Het huidige mandaat van TFF loopt af op 26 oktober a.s. De president van Macedonië heeft de NAVO verzocht het mandaat te verlengen tot 15 december a.s. De verwachting is dat de NAVO daartoe formeel zal besluiten direct na het Nederlandse besluit de leidende rol voort te zetten. De NAVO heeft een beroep gedaan op Nederland om zijn leidende rol voor deze periode voort te zetten.

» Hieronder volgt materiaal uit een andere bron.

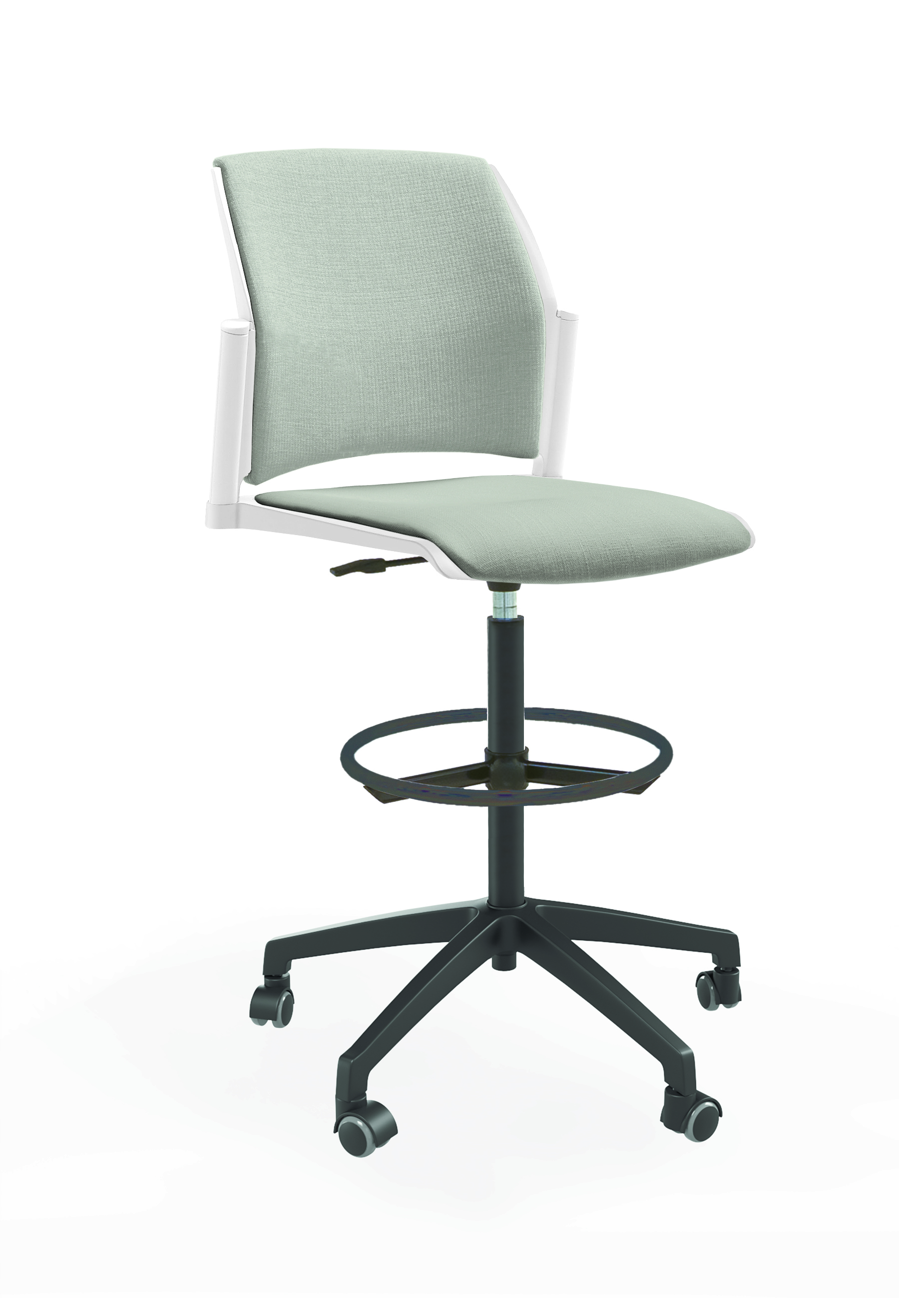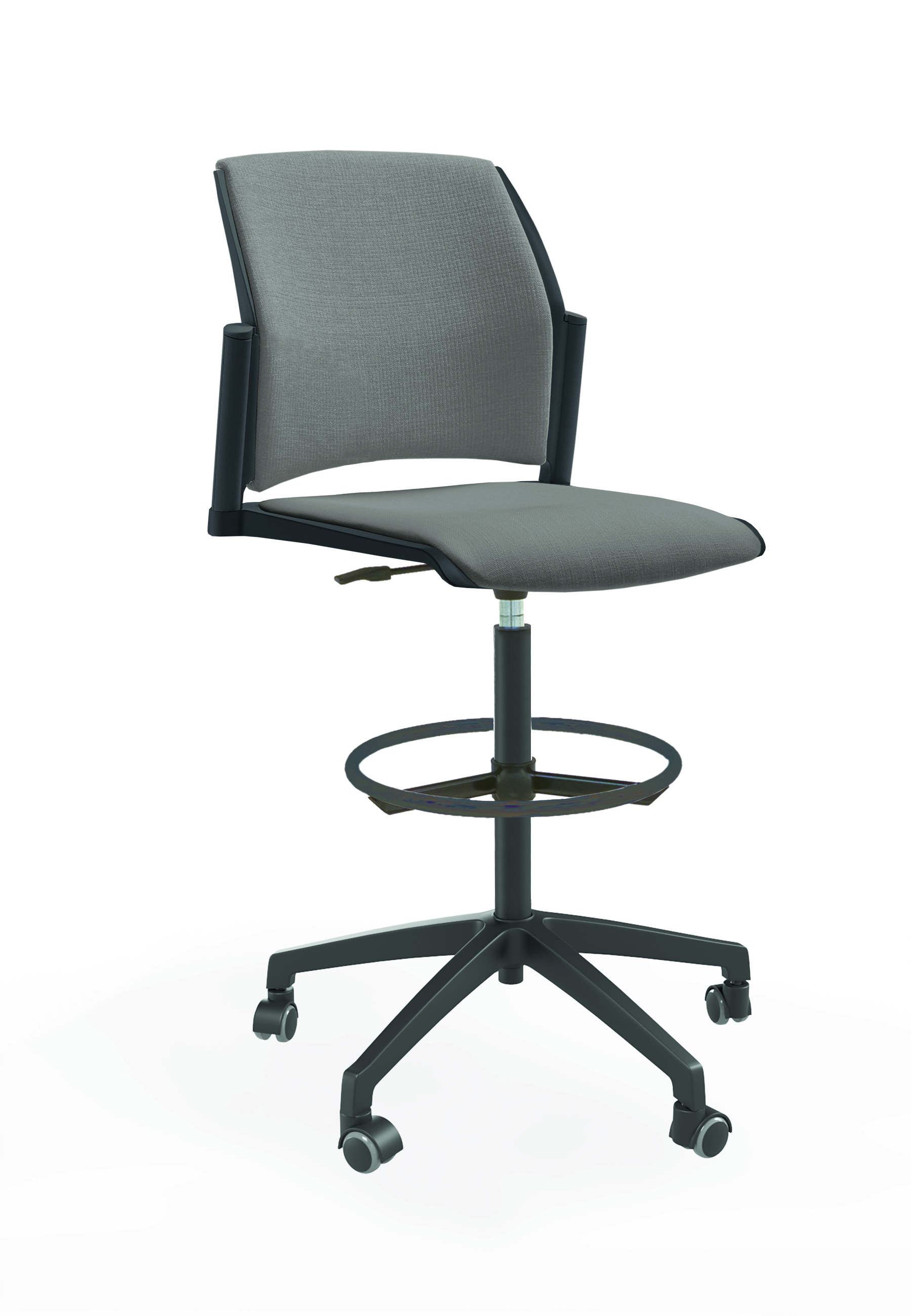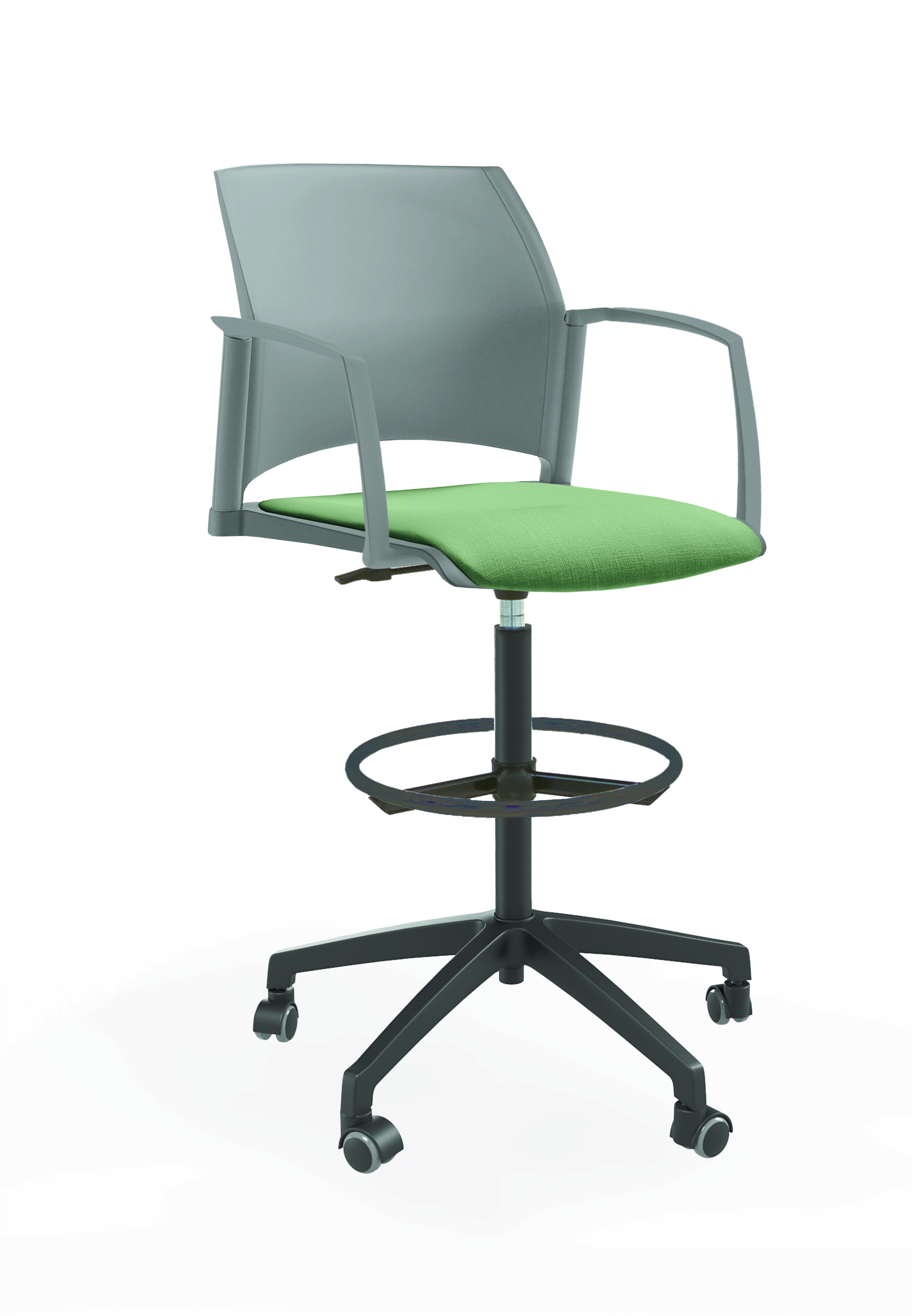 Спинка анатомической формы с поясничным прогибом. Ширина спинки 435мм, высота спинки 400 мм. Сидение имеет анатомическую форму с закруглениями на передней и боковых частей, которые предотвращают нарушения кровообращения. Ширина сидения 443 мм, глубина 462 мм. Спинка и сидение выполнены из армированного полипропилена. Спинка комплектуется парой декоративных заглушек. Пластик сидения имеет приливы, которые одеваются на трубы каркаса для спинки, спинка одевается до сидения, не оставляя зазора.

Er is gekozen voor een relatief korte termijn van verlenging, namelijk minder dan twee maanden, om rekening te houden met de overgangssituatie in Macedonië, waar binnen enkele weken een nieuw kabinet gevormd zal worden. Bovendien onderzoeken de NAVO en de Macedonische autoriteiten thans de wenselijkheid van en de modaliteiten voor eventuele verlengde aanwezigheid van de NAVO in Macedonië na 15 december 2002.

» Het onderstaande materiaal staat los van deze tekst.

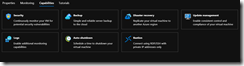 - Capabilities: what you can enable/configure for the VM, like backup, disaster recovery or update management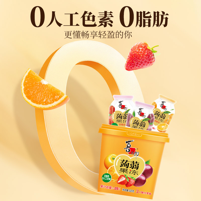 商品介绍:喜之郎0脂肪蒟蒻果冻520g*2桶52包多口味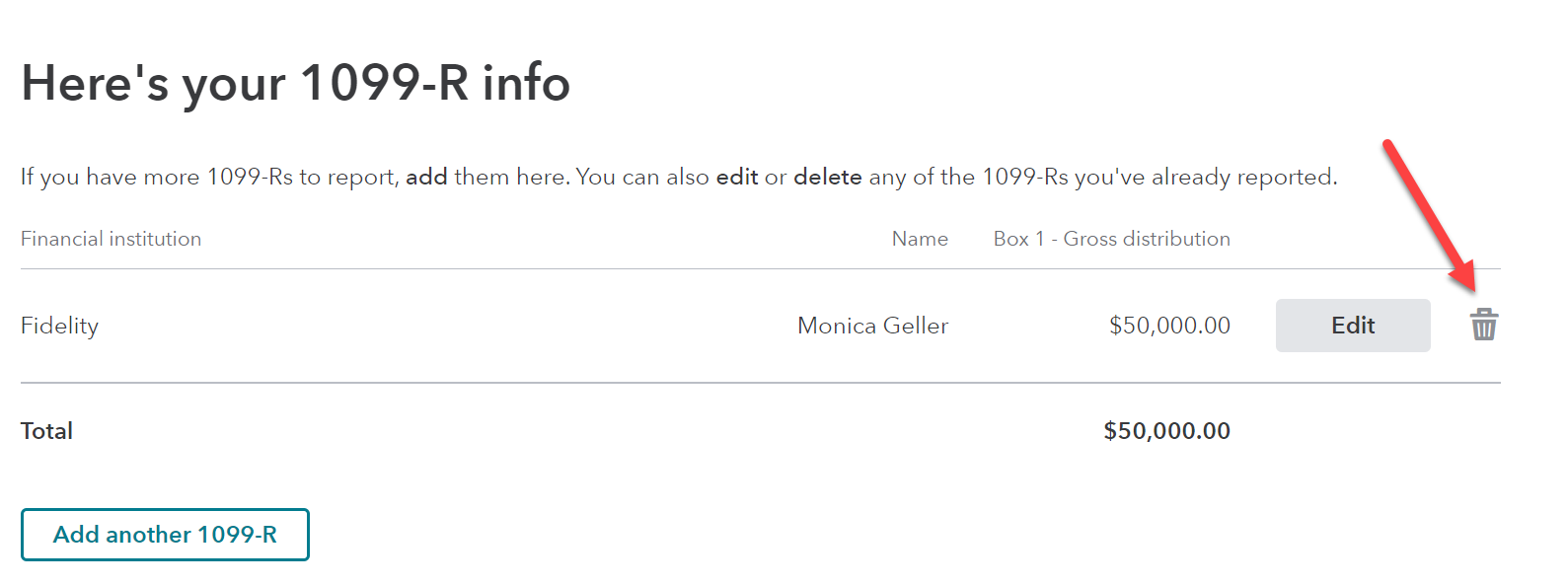 You will need to delete the 1099-R that is causing the problem. Here is how to find it:

Het kabinet heeft vandaag bevestigd dat de leiding over TFF zal worden voortgezet tot het einde van het nu te verlengen mandaat, te weten 15 december a.s. Aan de NAVO is eerder medegedeeld dat Nederland voornemens is zijn bijdrage aan TFF uiterlijk 26 december a.s. te beëindigen. In deze brief gaan wij achtereenvolgens in op de gronden voor dit besluit, de actuele politieke en militaire situatie en de kosten verbonden aan de voortgezette Nederlandse deelneming aan TFF. De wijze van optreden, de samenstelling van de troepenmacht en de bevelstructuur blijven vooralsnog ongewijzigd.

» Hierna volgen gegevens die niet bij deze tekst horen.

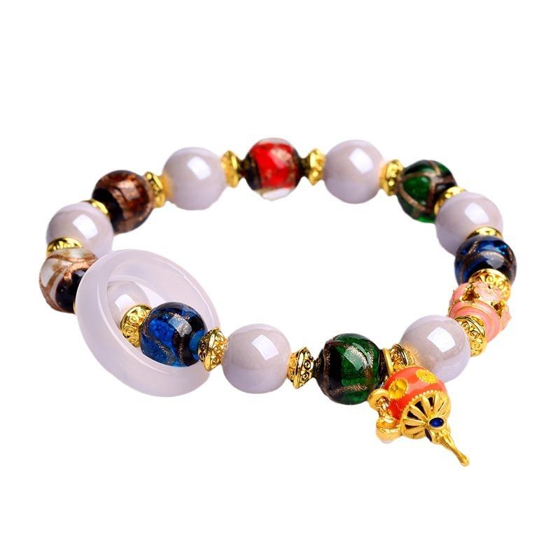 2025粉灰色瓷五色多宝琉璃金箔单圈手串搭配跑环男女情侣时尚手链

Gronden voor verlenging van de deelneming

De aanwezigheid van een internationale troepenmacht in Macedonië blijft van belang voor de veiligheid van de internationale waarnemers van OVSE en EU die toezien op de verdere voortgang van de uitvoering van het Ohrid Akkoord. Deze waarnemers zullen ook in de nieuwe mandaatsperiode in Macedonië aanwezig blijven.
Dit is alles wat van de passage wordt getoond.